French Icons: The Three Musketeers

 
French Icons: The Three Musketeers

Discover the history behind Alexander Dumas’s tale of derring-do, the ultimate swashbuckling adventure.

‘All for one and one for all’ is the celebrated motto of the Three Musketeers, heroes of one of the world’s most famous adventure novels. Translated into more than 100 languages, adapted for dozens of films and the subject of countless TV series, the exploits of three swashbuckling musketeers were the work of Alexandre Dumas, who also wrote The Count of Monte Cristo.

The exotic tale of derring-do was based on a partly fictionalised work of 1700 called Mémoires de d’Artagnan, by the Spaniard Gatien de Courtilz de Sandras, but many scenes were inspired by Dumas’s own family.
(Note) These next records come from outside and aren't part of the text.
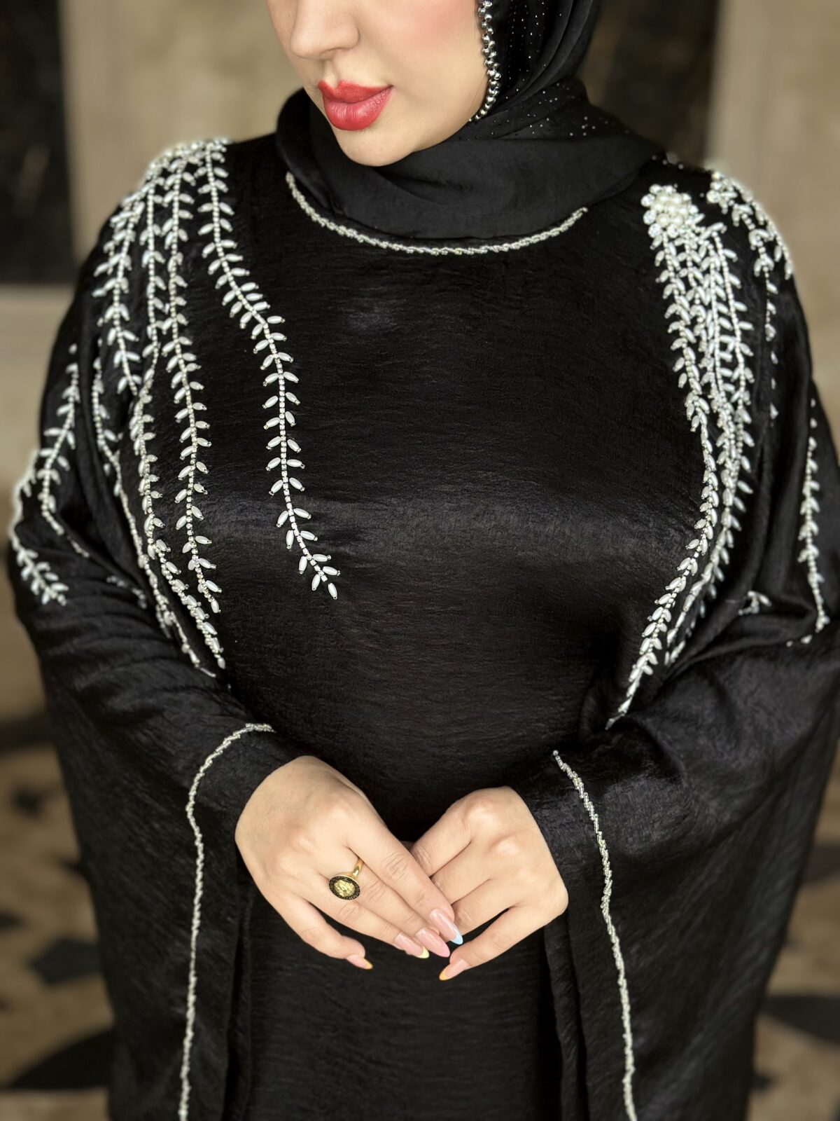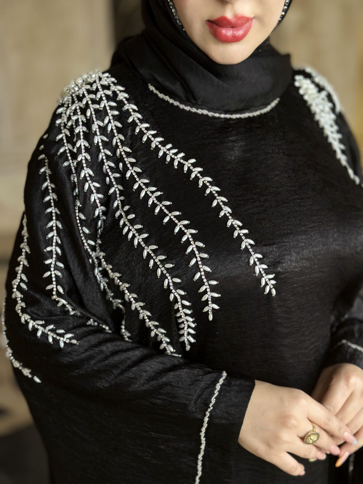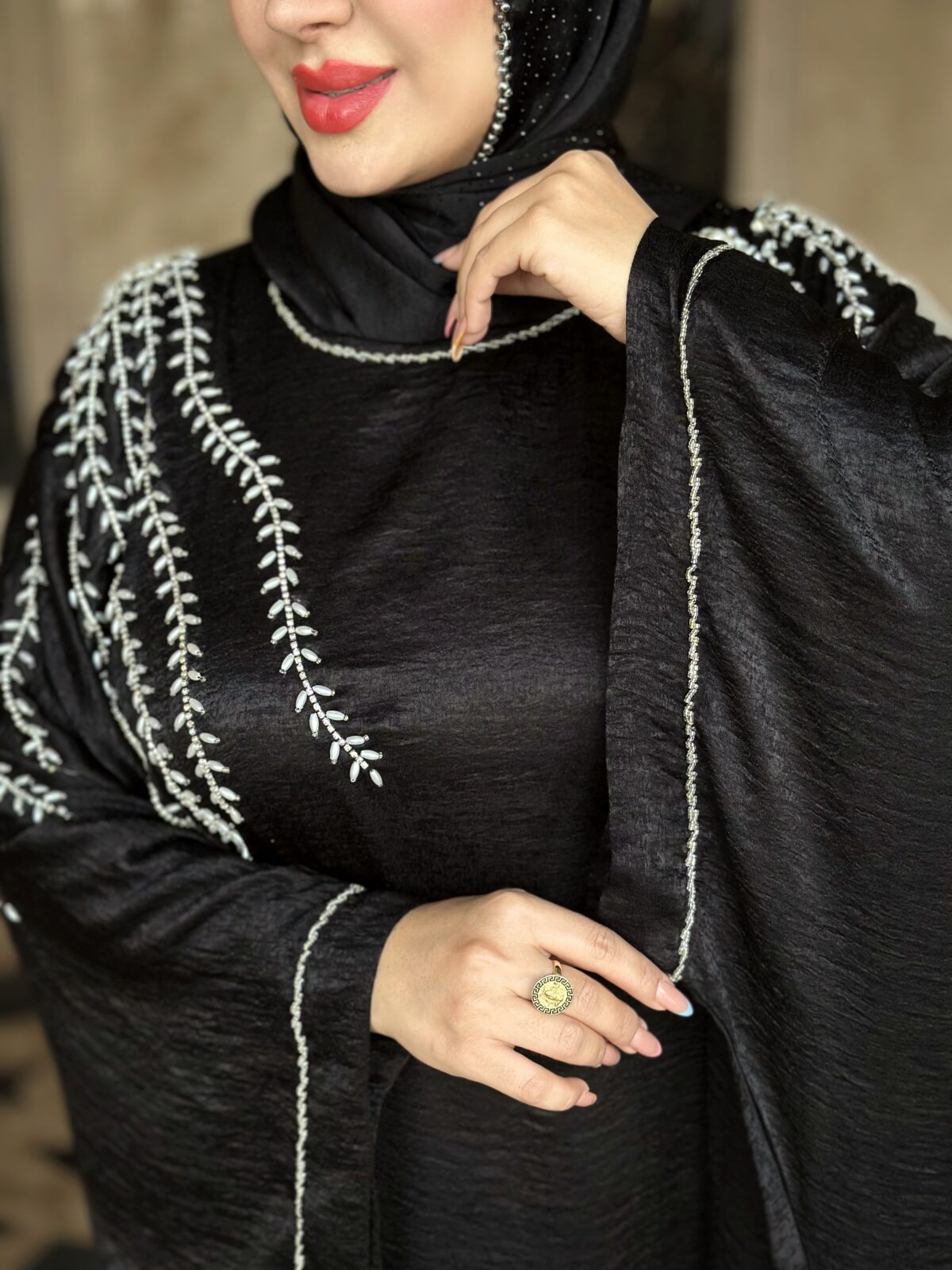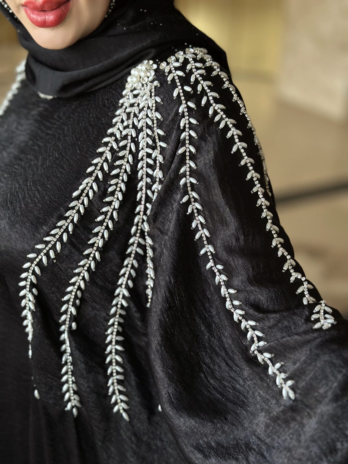دسته عبا مجلسی مانتوعبایی مجلسی مدل شایسته پارچه کرپ الیزه گرم بالا دارای بند تنظیم از داخل خرجکار منجوق دوزی
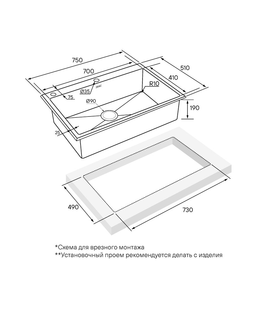 Paulmark KRONER-EDGE 75, мойка, нержавеющая сталь, вороненая сталь
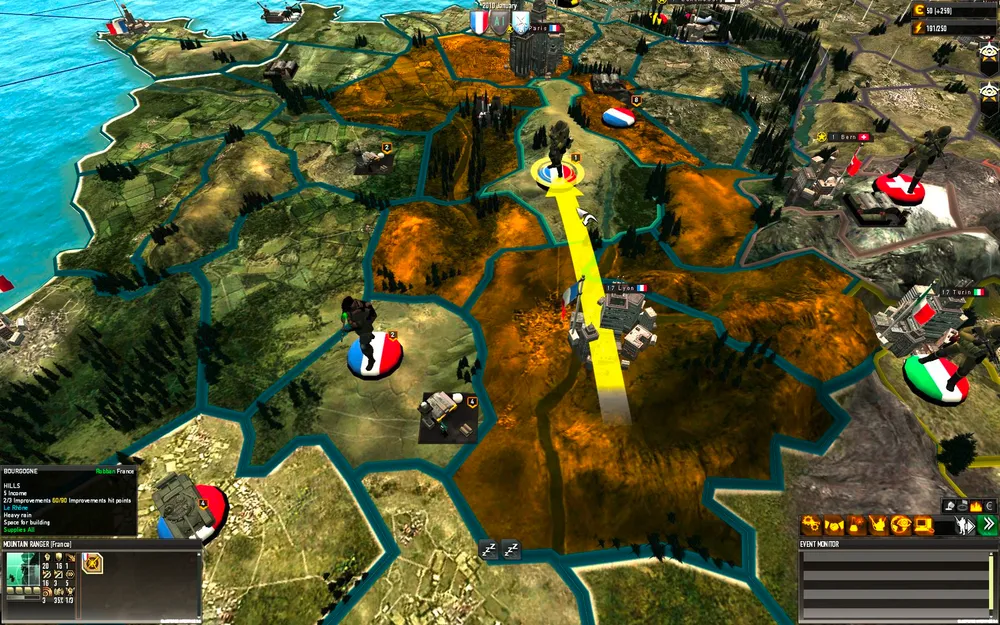 В эстетическом плане игра исполнена аккуратно, симпатично и стильно. Стратегическое поле представляет из себя реальную карту Европы с текстурами а-ля снимки со спутника с гексами в форме реальных областей стран, поле боя же генерируется автоматически каждый раз с разным ландшафтом. Все ходы и доступные зоны наглядно иллюстрируются и радуют глаз :). К слову ландшафт местности играет важную роль в битвах, например пехоте нужны укрытия, а танкам открытое пространство, динамическая погода и время суток также вносят свои коррективы: например дождь мешает авиации, а пылевая буря уменьшает видимость соответственно замедляет передвижение.

The author, whose real surname was Davy de la Pailleterie, adopted the name of his grandmother, a former Haitian slave. His father, General Thomas-Alexandre, was the highest-ranking officer of African descent in a European army and his exploits during the French Revolutionary Wars are reflected in Dumas’ novels.

Bringing the Story to Life

Les Trois Mousquetaires was first published in serial form in the newspaper Le Siècle from March to July 1844. The tale is set in the early 17th century and follows the adventures of d’Artagnan, a young Gascon who travels to Paris to become a soldier in the service of the king. He becomes friends with the three musketeers: Athos, who was once married to the wicked Milady de Winter; Aramis, who was destined to become a priest until he killed an officer in a duel, and the worldly Porthos, who plays on his good looks and ends up marrying for money.

Further Success

The novel enjoyed such enormous success that Dumas adapted it for the theatre and (co)-wrote two sequels: Twenty Years After and the three-part The Vicomte of Bragelonne: Ten Years Later, which includes The Man in the Iron Mask. One reason for the work’s early popularity was the contemporary political undertones. Dumas uses the plot to highlight the abuses of the ancien regime before the Revolution. The issue was topical because France was still divided between republicans and royalists, and France was ruled by a constitutional monarch until the 1848 revolution.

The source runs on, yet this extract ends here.